▶ **Input data**:

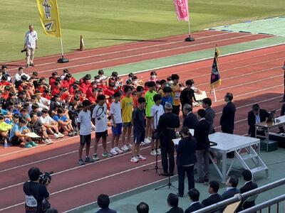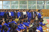 そして集会のクライマックス、校長先生から一区の選手へ新しいタスキが手渡されると、会場の空気が一変しました。
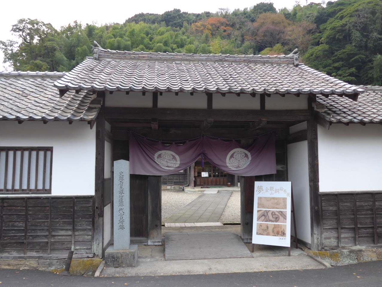 白壁作りの建物に入り口の門がありその横に「史跡石見銀山遺跡・代官所跡」の石碑が建てられています。
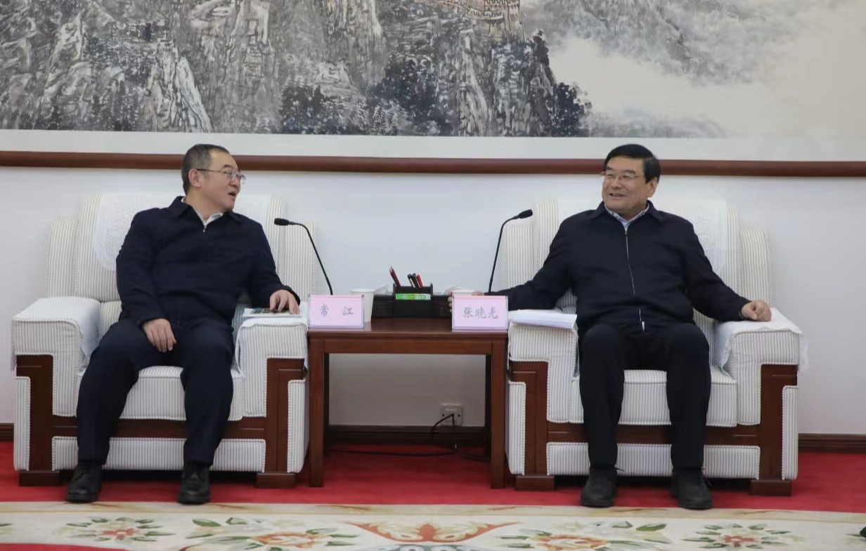 常江向張曉光匯報了學(xué)校近年來發(fā)展情況,特別是第三次黨代會后學(xué)校的目標(biāo)規(guī)劃,表示希望加強(qiáng)校地合作,發(fā)揮學(xué)校人才培養(yǎng)、科學(xué)研究、成果轉(zhuǎn)化、繼續(xù)教育等領(lǐng)域的突出優(yōu)勢,依托榆林豐富的紅色資源和歷史文化資源開展職業(yè)培訓(xùn)和研學(xué)工作,以榆林建設(shè)世界一流高端能源化工基地目標(biāo)為帶動,在榆設(shè)立研究院,開展科技創(chuàng)新和成果轉(zhuǎn)化工作,為榆林國家能源革命創(chuàng)新示范區(qū)建設(shè)提供西石大智力和人才支撐。王進(jìn)富就學(xué)校計劃在榆推進(jìn)產(chǎn)學(xué)研深度融合工作和研究院建設(shè)情況作了匯報交流。
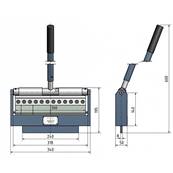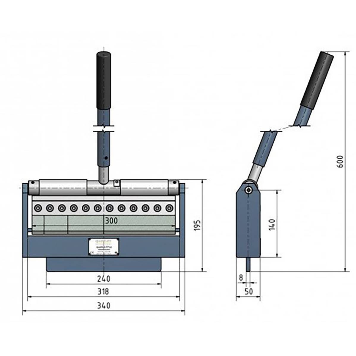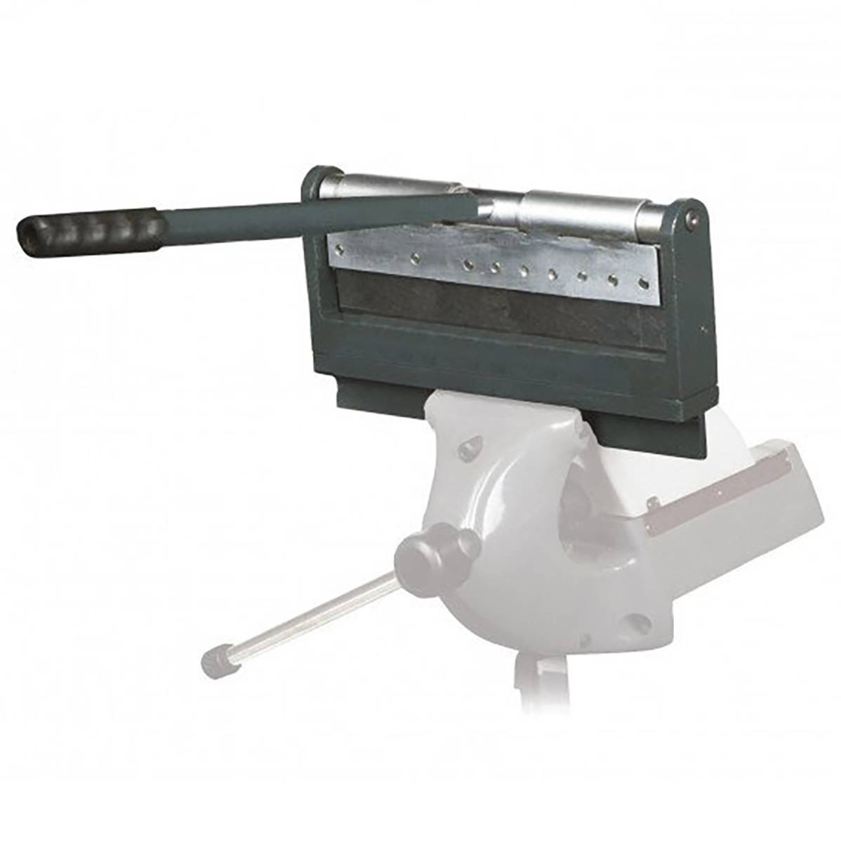 Folding machine for bending and bending thin sheet metal, removable segment of different widths, easy forming thanks to the ergonomic handle and of great length, fixed in a bench vice. Width of workpieces: 320 mm.
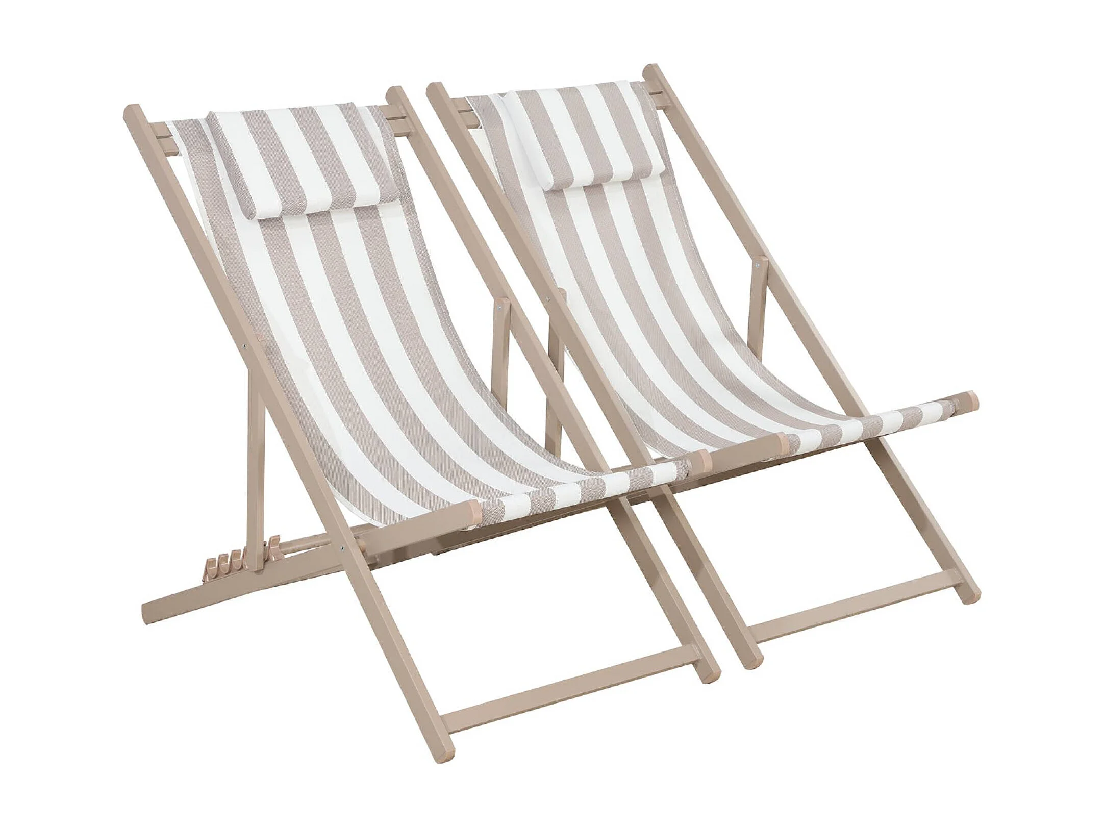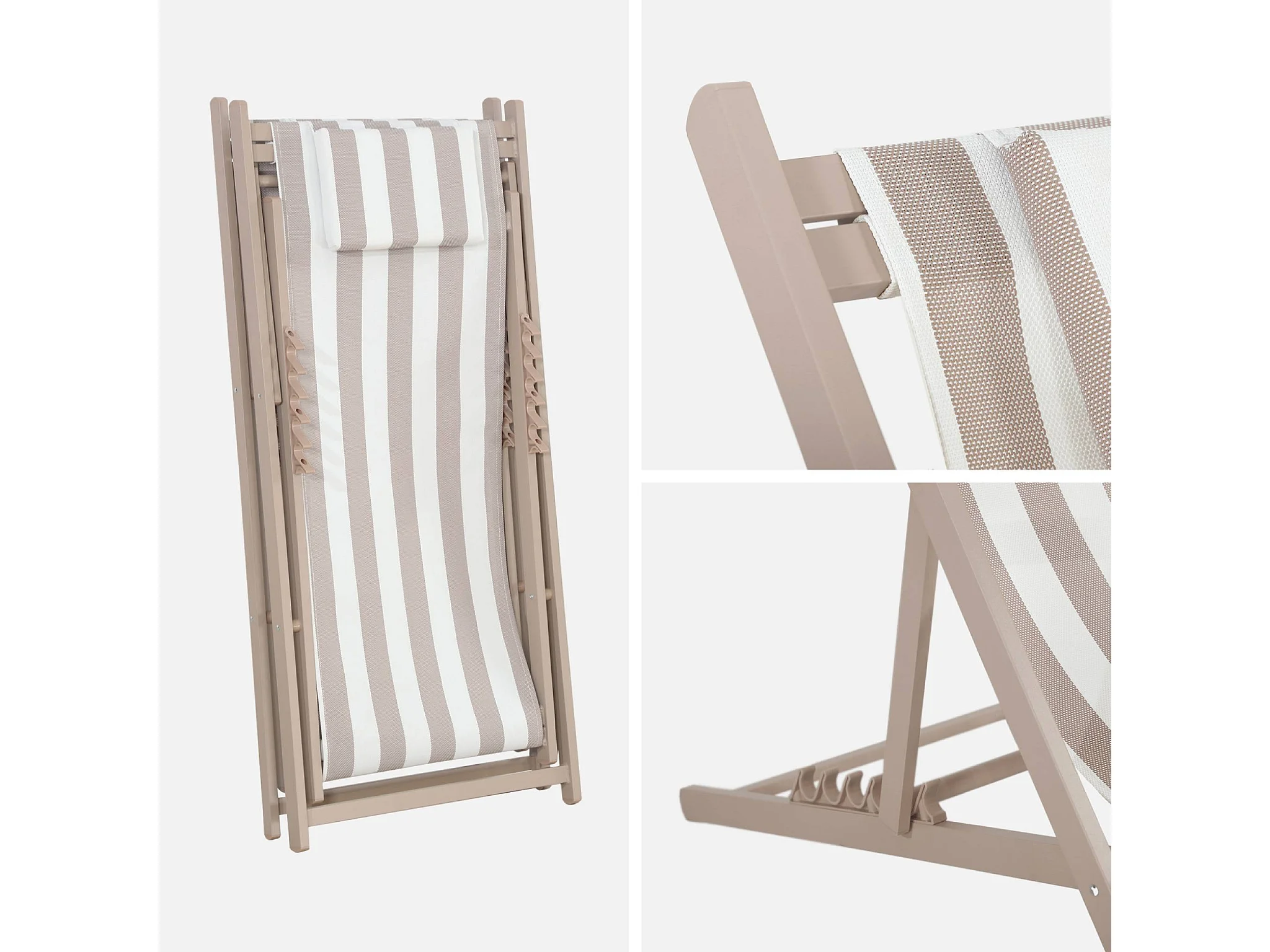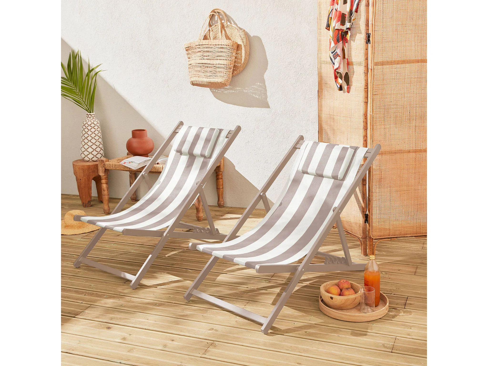 Lot de 2 bains de soleil - Gaia rayures marron - Transat en aluminium gris anthracite et textilene rayures marron avec coussin repose tête. chilienne
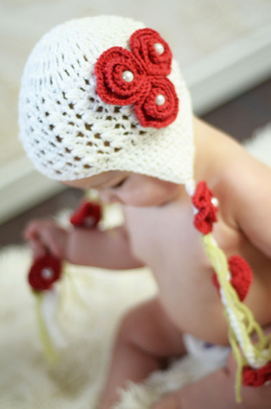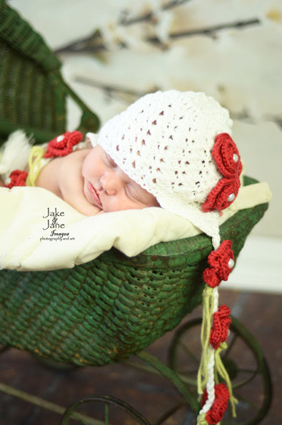 White mercerized cotton with three pearl centered red roses on the side. We have added six small pearl centered red roses that trail down each of the delicate side braids. A simply beautiful hat.
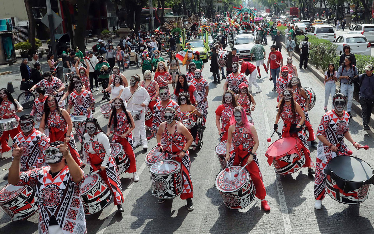 En un ambiente festivo, contingentes de catrinas y catrines avanzaron por Paseo de la Reforma con maquillajes y vestuarios que combinaban elementos tradicionales con referencias futboleras, como balones, banderas y camisetas de la selección mexicana.
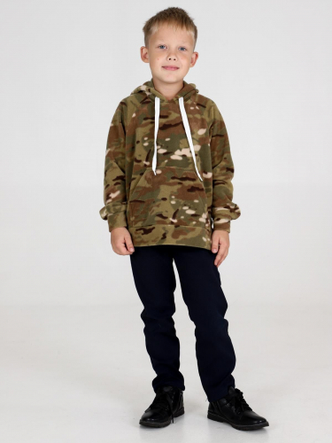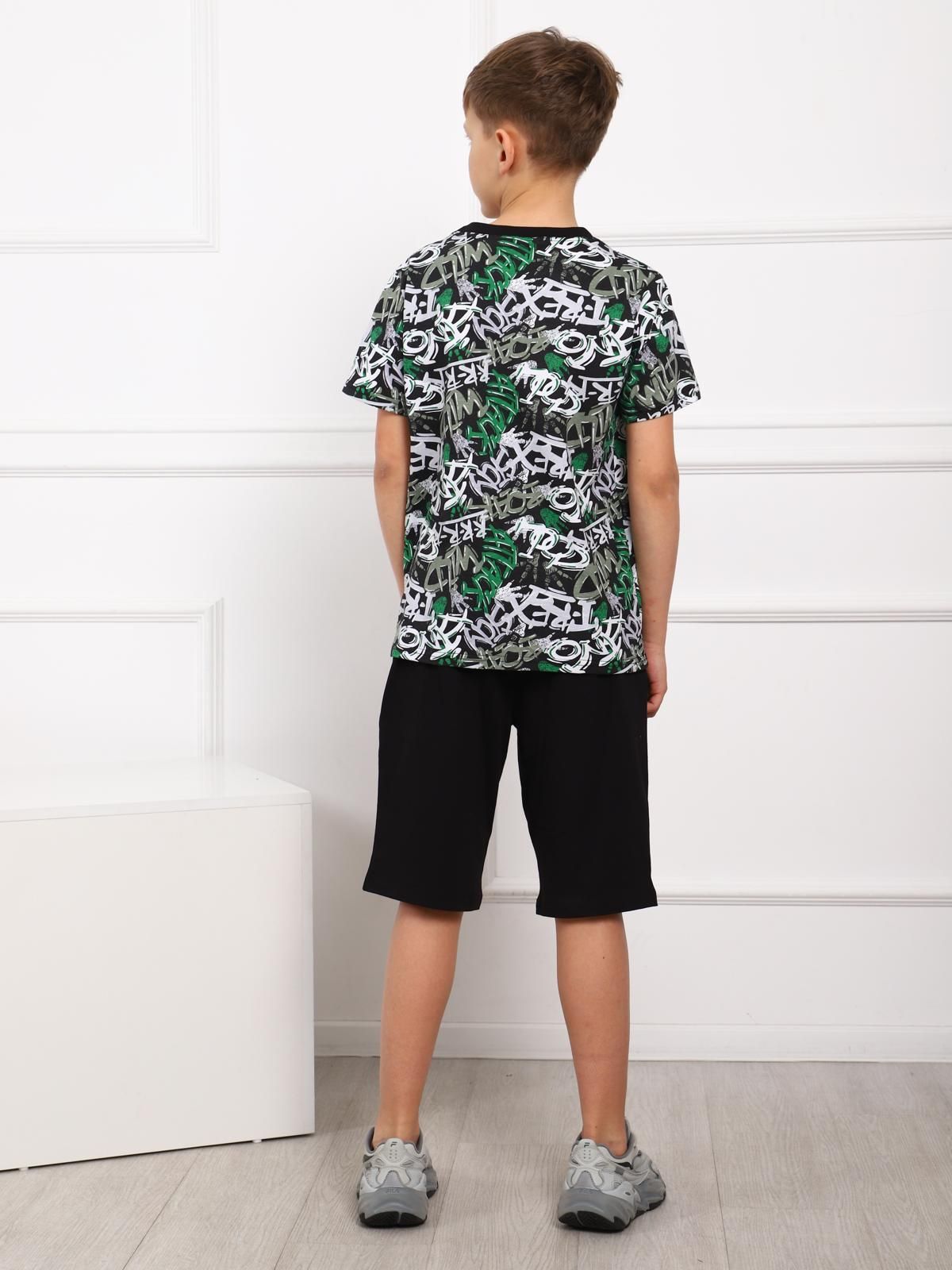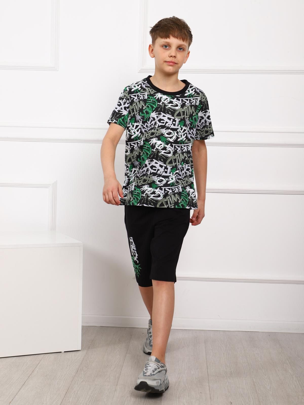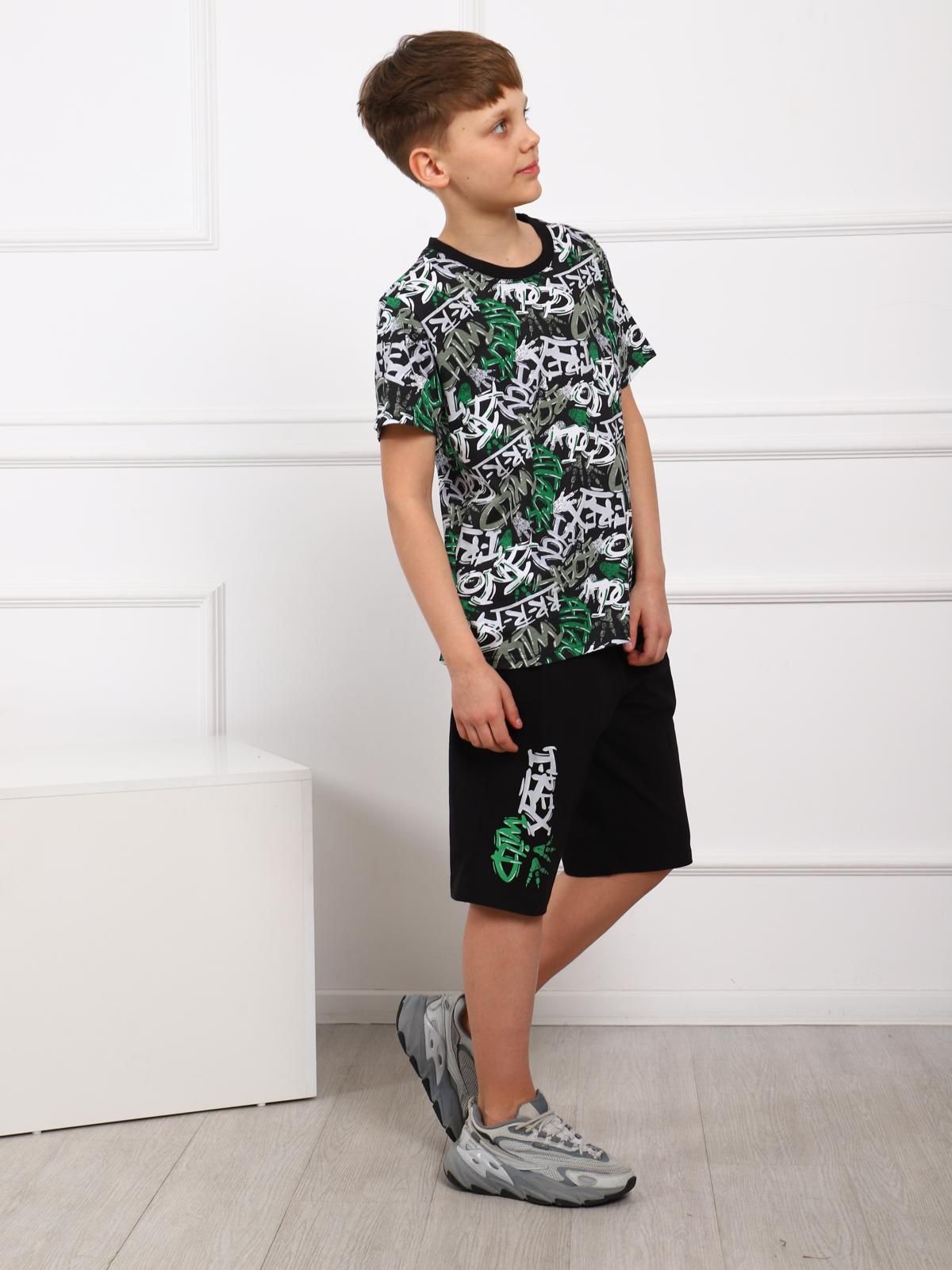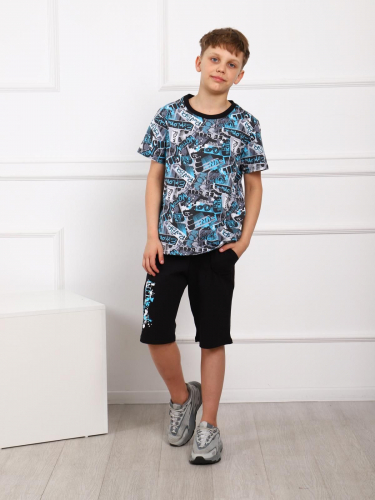 Костюм для мальчика из хлопкового полотна. Футболка с втачным рукавом из набивной ткани. Удлиненные шорты на поясе-резинке с карманами, с крупным ярким логотипом на одной штанине.

▶ **Your instructions**:
Your answer should copy the listing word for word, with no pictures in it.

▶ **Response area**:
 そして集会のクライマックス、校長先生から一区の選手へ新しいタスキが手渡されると、会場の空気が一変しました。
 白壁作りの建物に入り口の門がありその横に「史跡石見銀山遺跡・代官所跡」の石碑が建てられています。
 常江向張曉光匯報了學(xué)校近年來發(fā)展情況,特別是第三次黨代會后學(xué)校的目標(biāo)規(guī)劃,表示希望加強(qiáng)校地合作,發(fā)揮學(xué)校人才培養(yǎng)、科學(xué)研究、成果轉(zhuǎn)化、繼續(xù)教育等領(lǐng)域的突出優(yōu)勢,依托榆林豐富的紅色資源和歷史文化資源開展職業(yè)培訓(xùn)和研學(xué)工作,以榆林建設(shè)世界一流高端能源化工基地目標(biāo)為帶動,在榆設(shè)立研究院,開展科技創(chuàng)新和成果轉(zhuǎn)化工作,為榆林國家能源革命創(chuàng)新示范區(qū)建設(shè)提供西石大智力和人才支撐。王進(jìn)富就學(xué)校計劃在榆推進(jìn)產(chǎn)學(xué)研深度融合工作和研究院建設(shè)情況作了匯報交流。
 Folding machine for bending and bending thin sheet metal, removable segment of different widths, easy forming thanks to the ergonomic handle and of great length, fixed in a bench vice. Width of workpieces: 320 mm.
 Lot de 2 bains de soleil - Gaia rayures marron - Transat en aluminium gris anthracite et textilene rayures marron avec coussin repose tête. chilienne
 White mercerized cotton with three pearl centered red roses on the side. We have added six small pearl centered red roses that trail down each of the delicate side braids. A simply beautiful hat.
 En un ambiente festivo, contingentes de catrinas y catrines avanzaron por Paseo de la Reforma con maquillajes y vestuarios que combinaban elementos tradicionales con referencias futboleras, como balones, banderas y camisetas de la selección mexicana.
 Костюм для мальчика из хлопкового полотна. Футболка с втачным рукавом из набивной ткани. Удлиненные шорты на поясе-резинке с карманами, с крупным ярким логотипом на одной штанине.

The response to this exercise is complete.